EXERCISE →
Copy out the listing that follows exactly, dropping every picture.

DATA SECTION →
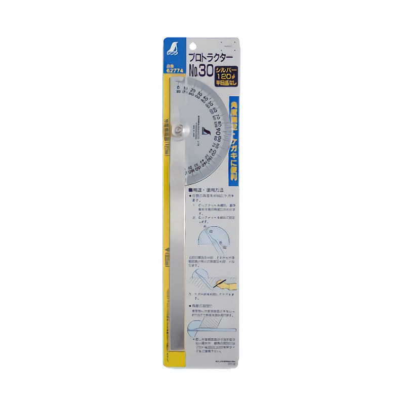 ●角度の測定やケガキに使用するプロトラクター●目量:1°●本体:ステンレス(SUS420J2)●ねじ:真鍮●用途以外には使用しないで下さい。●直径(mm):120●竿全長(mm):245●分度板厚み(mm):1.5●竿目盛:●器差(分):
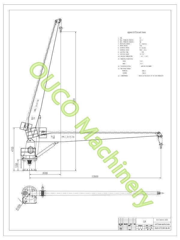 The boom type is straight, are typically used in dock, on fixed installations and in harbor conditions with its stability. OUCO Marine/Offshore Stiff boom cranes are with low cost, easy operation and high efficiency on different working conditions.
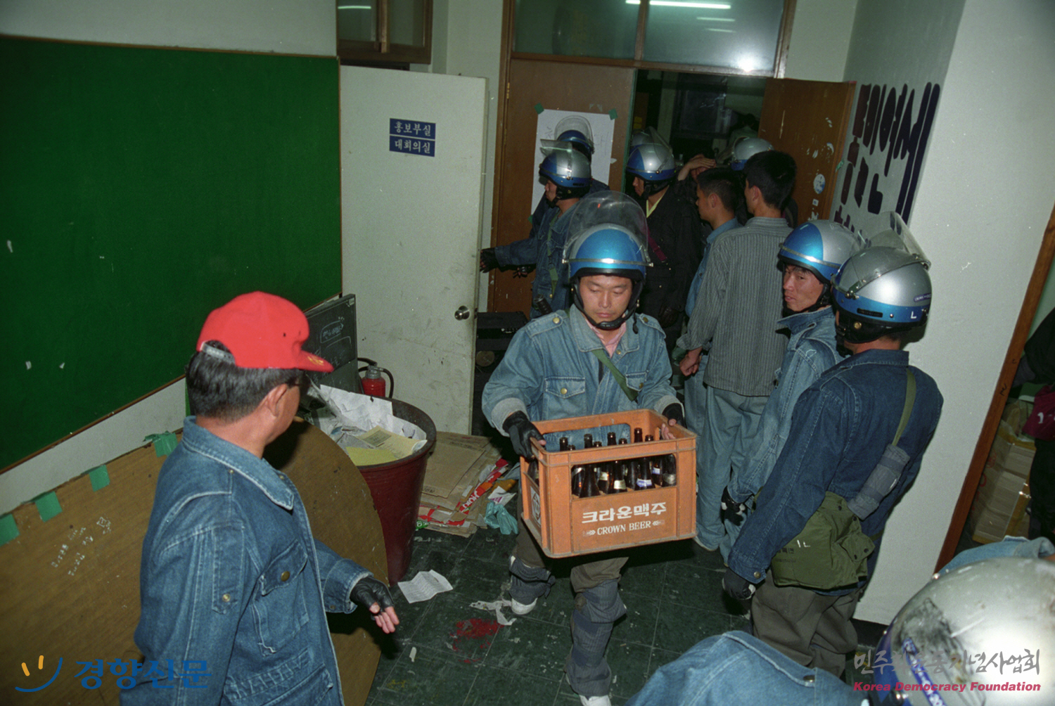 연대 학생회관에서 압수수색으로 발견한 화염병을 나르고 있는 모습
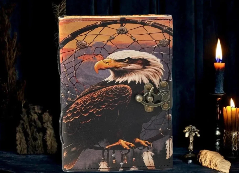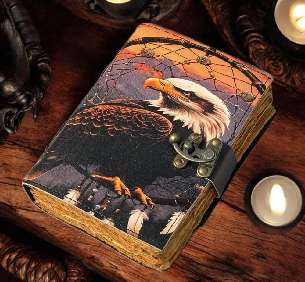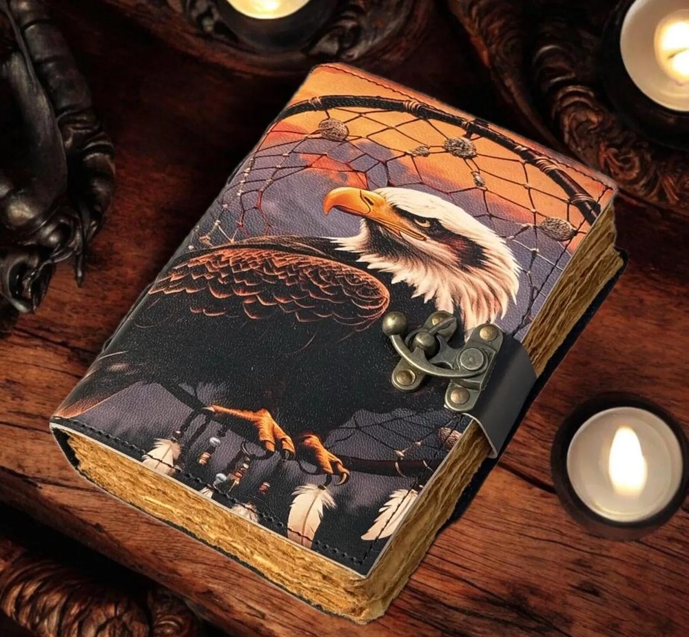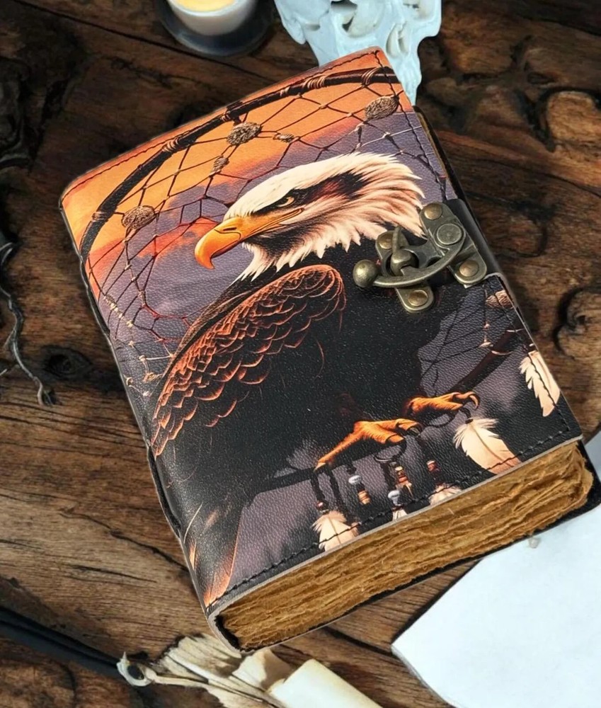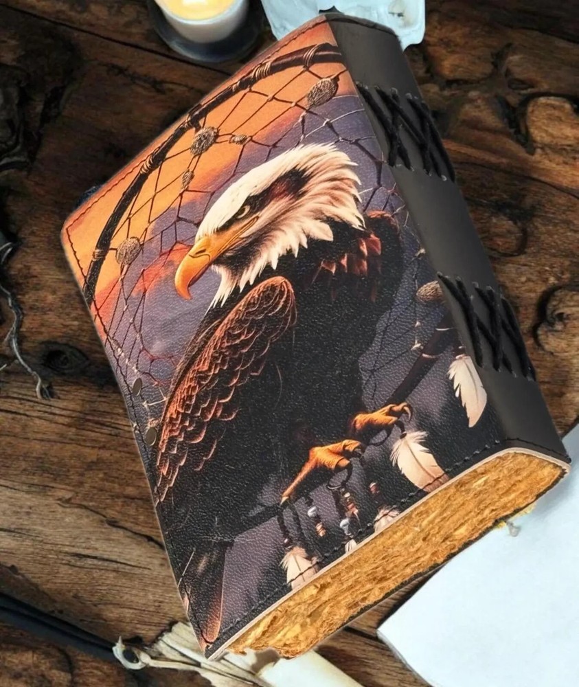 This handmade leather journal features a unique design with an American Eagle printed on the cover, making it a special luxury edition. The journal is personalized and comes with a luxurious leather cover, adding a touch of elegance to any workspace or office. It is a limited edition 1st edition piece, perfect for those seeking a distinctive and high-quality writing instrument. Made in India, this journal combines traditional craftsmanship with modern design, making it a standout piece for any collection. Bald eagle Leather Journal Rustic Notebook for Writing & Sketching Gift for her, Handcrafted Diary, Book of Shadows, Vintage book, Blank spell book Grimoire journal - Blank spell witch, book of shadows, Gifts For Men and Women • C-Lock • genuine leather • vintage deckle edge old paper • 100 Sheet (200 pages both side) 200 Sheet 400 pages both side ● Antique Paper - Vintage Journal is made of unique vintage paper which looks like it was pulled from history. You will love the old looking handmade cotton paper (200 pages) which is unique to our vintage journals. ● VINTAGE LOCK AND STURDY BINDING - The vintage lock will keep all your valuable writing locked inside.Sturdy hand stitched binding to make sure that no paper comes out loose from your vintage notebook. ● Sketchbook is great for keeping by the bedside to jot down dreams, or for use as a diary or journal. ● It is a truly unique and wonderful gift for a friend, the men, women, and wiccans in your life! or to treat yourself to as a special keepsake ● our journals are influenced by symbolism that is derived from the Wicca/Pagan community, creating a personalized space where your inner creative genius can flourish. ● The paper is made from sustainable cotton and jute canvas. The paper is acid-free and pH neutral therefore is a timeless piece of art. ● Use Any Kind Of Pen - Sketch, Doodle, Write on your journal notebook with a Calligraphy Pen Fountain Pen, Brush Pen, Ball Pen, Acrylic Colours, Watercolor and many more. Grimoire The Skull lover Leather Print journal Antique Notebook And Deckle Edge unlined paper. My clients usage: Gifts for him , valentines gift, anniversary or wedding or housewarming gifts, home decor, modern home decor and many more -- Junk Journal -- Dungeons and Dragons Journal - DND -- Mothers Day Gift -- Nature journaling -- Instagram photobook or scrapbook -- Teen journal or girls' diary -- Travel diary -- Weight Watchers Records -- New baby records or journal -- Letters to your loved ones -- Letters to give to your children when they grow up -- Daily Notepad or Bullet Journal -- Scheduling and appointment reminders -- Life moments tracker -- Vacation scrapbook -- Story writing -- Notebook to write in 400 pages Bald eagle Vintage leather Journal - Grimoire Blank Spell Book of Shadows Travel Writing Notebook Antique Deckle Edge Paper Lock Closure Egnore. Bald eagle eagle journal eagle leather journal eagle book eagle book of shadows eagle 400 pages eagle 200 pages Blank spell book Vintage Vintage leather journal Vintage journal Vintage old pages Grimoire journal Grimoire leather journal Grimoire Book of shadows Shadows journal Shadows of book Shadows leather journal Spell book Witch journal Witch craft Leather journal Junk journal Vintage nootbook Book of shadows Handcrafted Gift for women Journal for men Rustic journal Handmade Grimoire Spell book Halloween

FINISHED TASK →
 ●角度の測定やケガキに使用するプロトラクター●目量:1°●本体:ステンレス(SUS420J2)●ねじ:真鍮●用途以外には使用しないで下さい。●直径(mm):120●竿全長(mm):245●分度板厚み(mm):1.5●竿目盛:●器差(分):
 The boom type is straight, are typically used in dock, on fixed installations and in harbor conditions with its stability. OUCO Marine/Offshore Stiff boom cranes are with low cost, easy operation and high efficiency on different working conditions.
 연대 학생회관에서 압수수색으로 발견한 화염병을 나르고 있는 모습
 This handmade leather journal features a unique design with an American Eagle printed on the cover, making it a special luxury edition. The journal is personalized and comes with a luxurious leather cover, adding a touch of elegance to any workspace or office. It is a limited edition 1st edition piece, perfect for those seeking a distinctive and high-quality writing instrument. Made in India, this journal combines traditional craftsmanship with modern design, making it a standout piece for any collection. Bald eagle Leather Journal Rustic Notebook for Writing & Sketching Gift for her, Handcrafted Diary, Book of Shadows, Vintage book, Blank spell book Grimoire journal - Blank spell witch, book of shadows, Gifts For Men and Women • C-Lock • genuine leather • vintage deckle edge old paper • 100 Sheet (200 pages both side) 200 Sheet 400 pages both side ● Antique Paper - Vintage Journal is made of unique vintage paper which looks like it was pulled from history. You will love the old looking handmade cotton paper (200 pages) which is unique to our vintage journals. ● VINTAGE LOCK AND STURDY BINDING - The vintage lock will keep all your valuable writing locked inside.Sturdy hand stitched binding to make sure that no paper comes out loose from your vintage notebook. ● Sketchbook is great for keeping by the bedside to jot down dreams, or for use as a diary or journal. ● It is a truly unique and wonderful gift for a friend, the men, women, and wiccans in your life! or to treat yourself to as a special keepsake ● our journals are influenced by symbolism that is derived from the Wicca/Pagan community, creating a personalized space where your inner creative genius can flourish. ● The paper is made from sustainable cotton and jute canvas. The paper is acid-free and pH neutral therefore is a timeless piece of art. ● Use Any Kind Of Pen - Sketch, Doodle, Write on your journal notebook with a Calligraphy Pen Fountain Pen, Brush Pen, Ball Pen, Acrylic Colours, Watercolor and many more. Grimoire The Skull lover Leather Print journal Antique Notebook And Deckle Edge unlined paper. My clients usage: Gifts for him , valentines gift, anniversary or wedding or housewarming gifts, home decor, modern home decor and many more -- Junk Journal -- Dungeons and Dragons Journal - DND -- Mothers Day Gift -- Nature journaling -- Instagram photobook or scrapbook -- Teen journal or girls' diary -- Travel diary -- Weight Watchers Records -- New baby records or journal -- Letters to your loved ones -- Letters to give to your children when they grow up -- Daily Notepad or Bullet Journal -- Scheduling and appointment reminders -- Life moments tracker -- Vacation scrapbook -- Story writing -- Notebook to write in 400 pages Bald eagle Vintage leather Journal - Grimoire Blank Spell Book of Shadows Travel Writing Notebook Antique Deckle Edge Paper Lock Closure Egnore. Bald eagle eagle journal eagle leather journal eagle book eagle book of shadows eagle 400 pages eagle 200 pages Blank spell book Vintage Vintage leather journal Vintage journal Vintage old pages Grimoire journal Grimoire leather journal Grimoire Book of shadows Shadows journal Shadows of book Shadows leather journal Spell book Witch journal Witch craft Leather journal Junk journal Vintage nootbook Book of shadows Handcrafted Gift for women Journal for men Rustic journal Handmade Grimoire Spell book Halloween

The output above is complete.